CFPB In Light of Chevron Doctrine Overturned
ARA Members, partners and colleagues,
By a 6-3 majority, the Chevron Doctrine (named after the 1984 opinion of the Supreme Court in Chevron U.S.A. Inc. v. National Resources Defense Council, Inc., 467 U.S. 837) has been overturned.
The Supreme Court’s opinion was issued on Friday, June 28 in Loper Bright Enterprises et al v. Raimondo, Secretary of Commerce, et al, now referred to in discussions as Loper Bright.

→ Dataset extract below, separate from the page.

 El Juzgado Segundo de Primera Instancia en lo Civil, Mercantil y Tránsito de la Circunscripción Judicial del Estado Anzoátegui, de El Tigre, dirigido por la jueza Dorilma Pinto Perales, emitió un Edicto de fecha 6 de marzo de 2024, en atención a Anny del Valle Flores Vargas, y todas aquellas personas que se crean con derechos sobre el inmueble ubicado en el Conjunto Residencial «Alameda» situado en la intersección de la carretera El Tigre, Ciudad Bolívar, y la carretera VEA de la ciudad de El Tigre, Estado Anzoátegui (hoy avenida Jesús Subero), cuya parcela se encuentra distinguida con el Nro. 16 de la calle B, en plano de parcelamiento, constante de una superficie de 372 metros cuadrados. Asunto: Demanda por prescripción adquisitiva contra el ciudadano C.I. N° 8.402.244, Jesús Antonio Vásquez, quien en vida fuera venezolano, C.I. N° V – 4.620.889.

Put simply, under the Chevron Doctrine, courts had to apply a two part test in assessing the actions of federal agencies. If the statute adopted by Congress was clear on the issue before the court, the court had to follow congressional intent. However, if the statute was ambiguous on, or simply did not address, the issue before the court, the court had to defer to the agency’s interpretation as long as it was reasonable, even though the court would have reached a different interpretation.
With the overruling of the Chevron Doctrine, going forward, generally courts should no longer give mandatory deference to a regulation (either an existing regulation or one promulgated in the future) by a federal agency empowered by Congress to issue regulations under a federal statute.

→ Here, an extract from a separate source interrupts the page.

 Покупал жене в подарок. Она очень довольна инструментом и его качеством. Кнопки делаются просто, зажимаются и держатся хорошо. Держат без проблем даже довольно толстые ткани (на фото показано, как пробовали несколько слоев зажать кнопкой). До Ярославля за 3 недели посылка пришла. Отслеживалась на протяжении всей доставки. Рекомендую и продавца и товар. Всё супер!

The opinion is based entirely on Section 7 of the Administrative Procedure Act (the “APA”). Section 7 specifies that courts, not agencies, will decide “all relevant questions of law” arising on review of an agency regulation.
Clearly, the opinion will jeopardize the ability of agencies to promulgate regulations that will likely be upheld by the courts. It is more likely that, going forward, regulations will be challenged either directly in an action against the agency under the APA, or collaterally in a private lawsuit against a defendant whose defense is that it relied on and complied with an agency regulation.
While the demise of Chevron is important for all federal agency actions, the CFPB may face more consequences than many other agencies, given its aggressiveness in interpreting federal statutes and pushing the envelope with respect to its own authority.
It is important to note that Loper Bright does not invalidate previous rulings. The opinion will apply to all non-final cases in which the legality of agency regulations are being challenged and to all lawsuits initiated in the future against any regulations whose legality is in question.
This decision does introduce concerns in the industry and we know industries need certainty to conduct business. It also opens the door for an avalanche of lawsuits challenging regulations directly or in private lawsuits.